Dreana Faulkner is graduating with a master’s degree in social work.
Photo by Janet Sassi

In the Soundview housing projects in the South Bronx, where Dreana Faulkner grew up, poverty, crime and drug addiction were so prevalent that nobody blinked.

“My father was in prison and my mother was a crack addict,” she said. It was her eldest brother, Yakema, who ran the household of 10 children—some of whom, Faulkner said, may not have been blood siblings.

“We basically brought ourselves up,” said Faulkner, who is graduating with a master’s degree in social work from the Graduate School of Social Service (GSS) on Fordham’s Tarrytown campus. “My mother was in and out. She’d come home for three weeks straight, maybe with another kid, and we’d think things were okay. And then she’d just disappear.”

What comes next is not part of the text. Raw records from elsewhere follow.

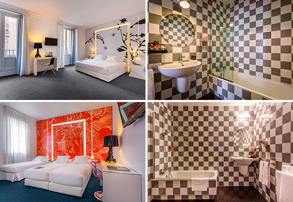 De la mano del mismo diseñador descubrimos en Madrid otro nombre propio: Mario, el Hotel Room Mate Mario. Este hotel se encuentra muy cerca del Teatro Real y del Templo Debod, y entre el Parque del Retiro y la Casa de Campo, las principales zonas verdes madrileñas. Una de las marcas de este grupo hotelero son sus desayunos, que están disponibles hasta las 12:00. El edificio data de 1890, tiene cinco plantas de altura y se esconde en la calle Campomanes.
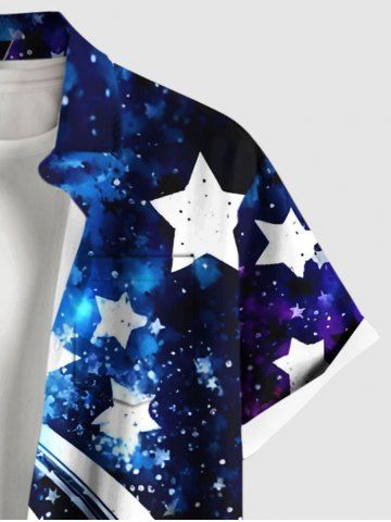 Plus Size Patriotic American Flag Galaxy Print Buttons Pocket Shirt For Men - Blue - 3xl
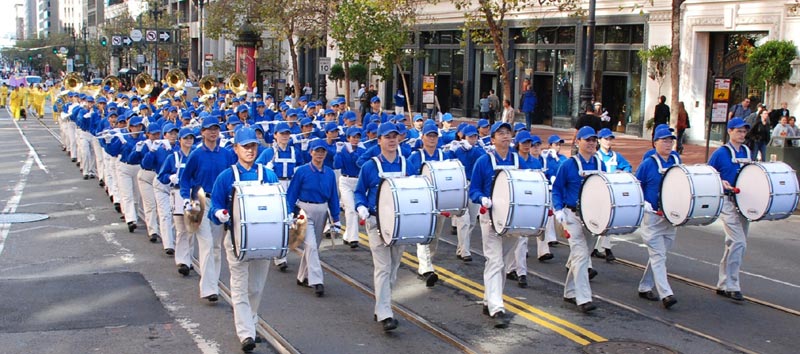 ![]() 法轮功学员组成的天国乐团行进在队列中 |
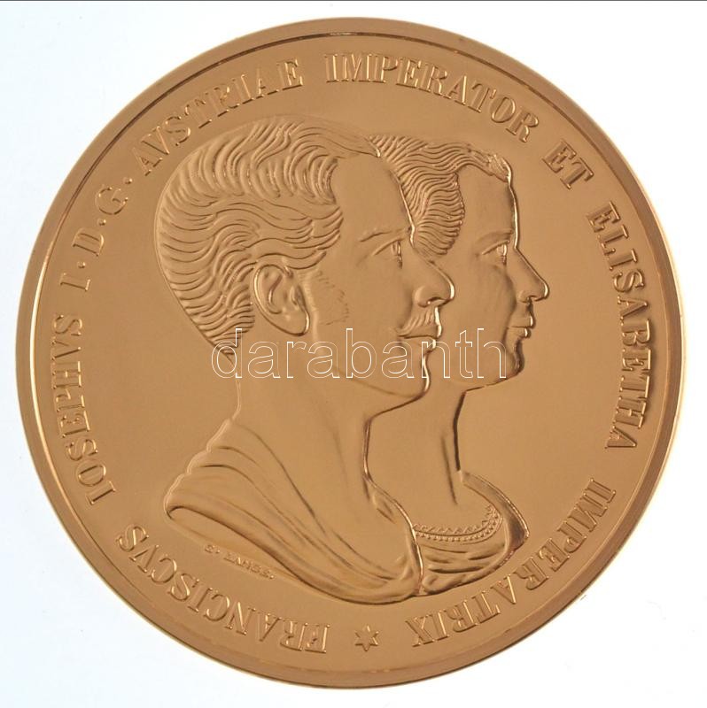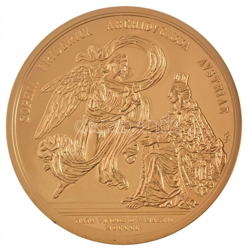 Leírás: DN "Érem az első gyermek Zsófia Friderika születése alkalmából 1857" aranyozott Cu utánveret, jelzett, tanúsítvánnyal (46mm) T:PP
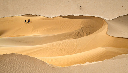 Revealing showing torn paper frame revealing vast golden sand dunes with tiny silhouettes of people. resolution...
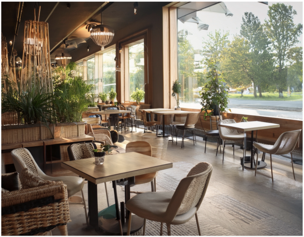 Adobe Expressの AI 画像生成機能は、「会議室でのセミナー」や「くつろげるカフェ」など、簡単なキーワード入力だけでオリジナルイラストや写真風画像を作成できます。
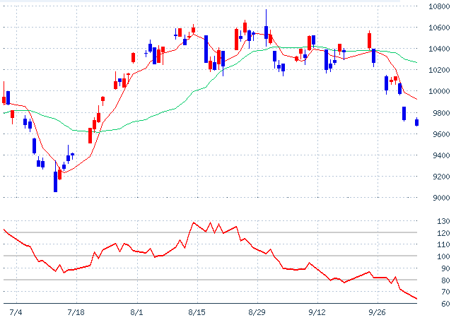 騰落レシオを追跡していますが、25日曲線で底になってきています。
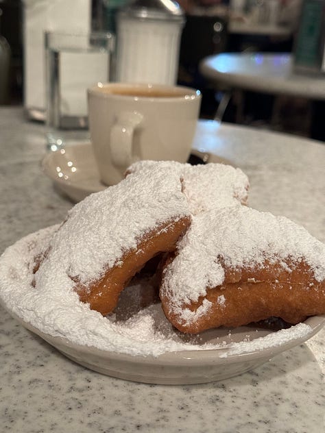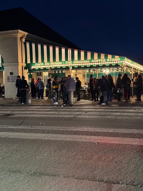 Later that evening, I stopped by Cafe du Monde for beignets and a classic cup of coffee with chicory. I then walked along Decatur, chatting with a friend on the phone as I popped into souvenir shops. As I approached Frenchman Street, the sound of a brass band playing Lauryn Hill wafted through the window of a bar. I ordered a Sazerac and danced until the band finished their set. I bar-hopped for the next few hours, chasing the music and a vibe.

When Faulkner was 10, the Administration for Children’s Services (ACS) intervened to remove the children, splitting the siblings up. Faulkner, accompanied by one sister and one brother, was put into a foster home—an experience she said made her feel powerless.

“The foster mother had six of us and she basically used us to clean her house. She didn’t take the time to get to know us, and she could barely remember our names,” Faulkner recalled. “I didn’t want to be there.”

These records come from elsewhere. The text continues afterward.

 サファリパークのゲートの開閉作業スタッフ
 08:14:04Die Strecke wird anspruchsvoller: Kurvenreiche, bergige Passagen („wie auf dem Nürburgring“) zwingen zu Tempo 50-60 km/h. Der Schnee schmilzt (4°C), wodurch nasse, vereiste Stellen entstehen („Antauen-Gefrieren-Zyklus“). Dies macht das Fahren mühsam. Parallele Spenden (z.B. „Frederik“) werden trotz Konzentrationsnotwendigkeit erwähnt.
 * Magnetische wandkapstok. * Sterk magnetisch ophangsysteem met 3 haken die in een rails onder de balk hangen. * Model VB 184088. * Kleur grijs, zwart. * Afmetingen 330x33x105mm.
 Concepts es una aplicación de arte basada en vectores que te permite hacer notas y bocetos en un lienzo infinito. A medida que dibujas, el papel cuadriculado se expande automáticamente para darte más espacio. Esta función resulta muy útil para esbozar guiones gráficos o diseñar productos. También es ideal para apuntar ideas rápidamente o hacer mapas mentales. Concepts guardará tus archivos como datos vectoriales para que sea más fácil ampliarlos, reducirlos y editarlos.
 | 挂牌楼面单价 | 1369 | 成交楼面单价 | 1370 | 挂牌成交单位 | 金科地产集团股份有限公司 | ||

Unhappy, Faulkner stopped eating. She landed in another foster home. She stopped eating again. Another home. After a string of distressing foster placements, Faulkner was put into the Edwin Gould Academy-Ramapo at age 13, a place she described as “a new-age orphanage.” Within a year, she and another girl ran away and returned to the projects with her brother.

It was there, back in the Bronx projects, that she had a revelation.

“I’d look to people who had money, and weren’t going to jail, or weren’t getting killed, and I noticed that they all were going to school,” she said. So she got her brother to register her for school. Even though she said she had an attitude, a high school counselor took a personal interest in her, and helped her get on the college track.

“She told me that I have a lot of insight,” Faulkner recalled. “She said, ‘You can give back a lot because you’ve seen a lot.’ She wouldn’t give up on me when I said I didn’t want to go [to college].”

Faulkner did go, and graduated in 2005 with a bachelor’s degree from Lehman College. She got a supervisory job at the Graham-Windam services to families and children in Hastings-on-Hudson, N.Y., and started attending Fordham part-time.

“Fordham has taught me lots of clinical skills I can use,” she said. “It also made me realize that I am still rough around the edges.”

Through Fordham, Faulkner interns at Urban Horizons Family Health Center in the Bronx, supervising therapy sessions for children and adults who have faced circumstances similar to hers.

As she understands firsthand the turmoil of troubled teens, Faulkner said she tries to help foster parents understand as well. In workshops she asks parents to write down things that they did as teens. It is a technique, she said, that helps them relate to their young wards.

“Teens have a need for some power; they are already their own people when they come to a new home. If your foster teen takes five dollars off your table, why is it any different than when you did it to your mother? To tell them, ‘If you act like this you will be thrown out of my house,’ doesn’t solve the problem,” Faulkner said. “Believe me, if you give them time, they will get better, and when all of that roughness has worn off, there will be a kid who will come back to you and say thank you.”

Faulkner wants to make a difference in the lives of lost and unwanted teens, and she said she is very emotional about her work. A mother herself, she said she knows the value of raising her 5-year-old son without trauma and with plenty of education.